A projectile is fired and lands t = 14 s later on the side of a hill, at a location 1400 m away horizontally and 420 m above its starting point. Find the projectile's initial horizontal velocity vx0 and initial vertical velocity vy0. Assume g = 10 m/s2.

68.6 m/s

To find the projectile's initial horizontal velocity (vx0) and initial vertical velocity (vy0), we can use the kinematic equations of motion.

First, let's find the time it takes for the projectile to reach the vertical distance (420 m) above its starting point. We can use the equation:

h = vy0*t - (1/2) * g * t^2

Where h is the vertical distance, vy0 is the initial vertical velocity, t is the time, and g is the acceleration due to gravity.

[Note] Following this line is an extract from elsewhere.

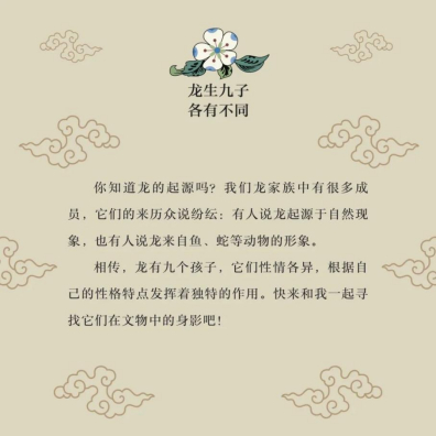 從2月到12月,如意更發(fā)現(xiàn)了“龍生九子”的故事,原來,在鐘鈕上的龍子叫“蒲牢”,在宮門上的龍子叫“椒圖”……在古老的龍家族中,有把身子彎成S形的螭龍,有在空中振翅飛舞的應(yīng)龍,還有拱起身子趴在壺上的蟠龍……精選的故宮官式建筑上的和璽彩畫、大氣精美的九龍壁和千龍吐水的螭首奇觀,都讓如意著迷而向往。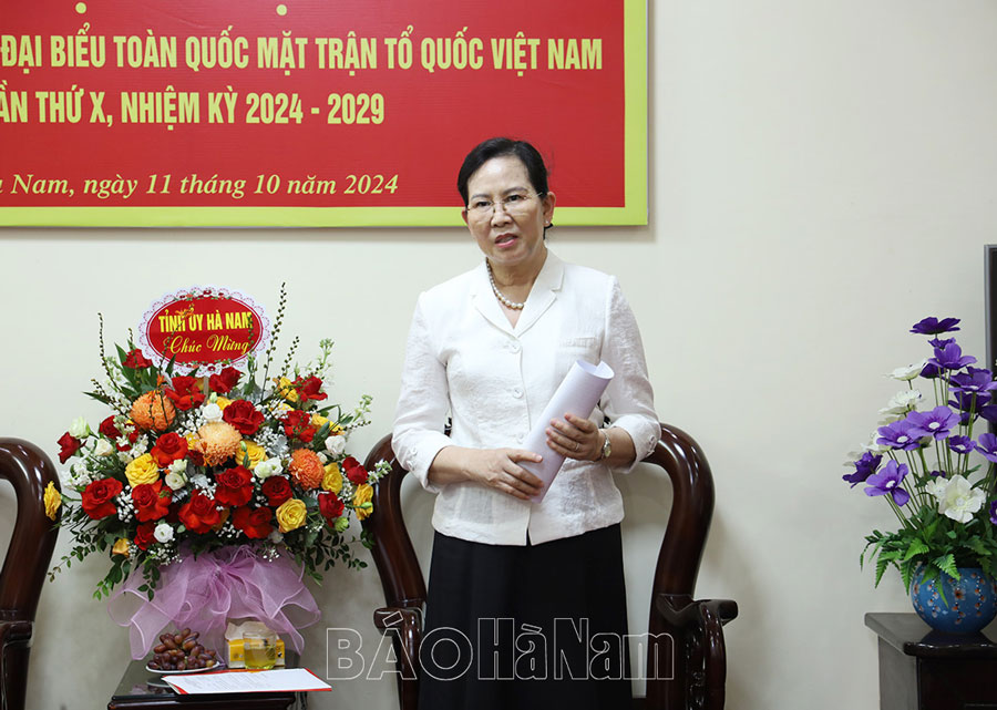 Phát biểu tại buổi gặp mặt, đồng chí Bí thư Tỉnh ủy Lê Thị Thủy nhấn mạnh, Đại hội đại biểu MTTQ Việt Nam lần thứ X, nhiệm kỳ 2024 - 2029 là sự kiện có ý nghĩa chính trị quan trọng đối với đất nước. Vì vậy, đề nghị, các đại biểu tham dự hội nghị cần phát huy tinh thần trách nhiệm, chấp hành nguyên tắc, nội quy của đại hội; đồng thời, tập trung trí tuệ, nghiên cứu kỹ các văn kiện để tham gia đóng góp nhiều ý kiến thiết thực cho đại hội, góp phần vào thành công của Đại hội đại biểu toàn quốc MTTQ Việt Nam lần thứ X, nhiệm kỳ 2024 - 2029.

Plugging in the given values:
420 = vy0*14 - (1/2) * 10 * (14)^2

Simplifying the equation, we get:
420 = 14vy0 - 980
14vy0 = 1400
vy0 = 100 m/s

Now, we can find the initial horizontal velocity (vx0). We know that the horizontal distance covered is 1400 m and the time taken is 14 s. We can use the formula:

d = vx0 * t

Where d is the horizontal distance and vx0 is the initial horizontal velocity.

Plugging in the given values:
1400 = vx0 * 14

Solving for vx0, we get:
vx0 = 100 m/s

So, the projectile's initial horizontal velocity (vx0) is 100 m/s and the initial vertical velocity (vy0) is 100 m/s.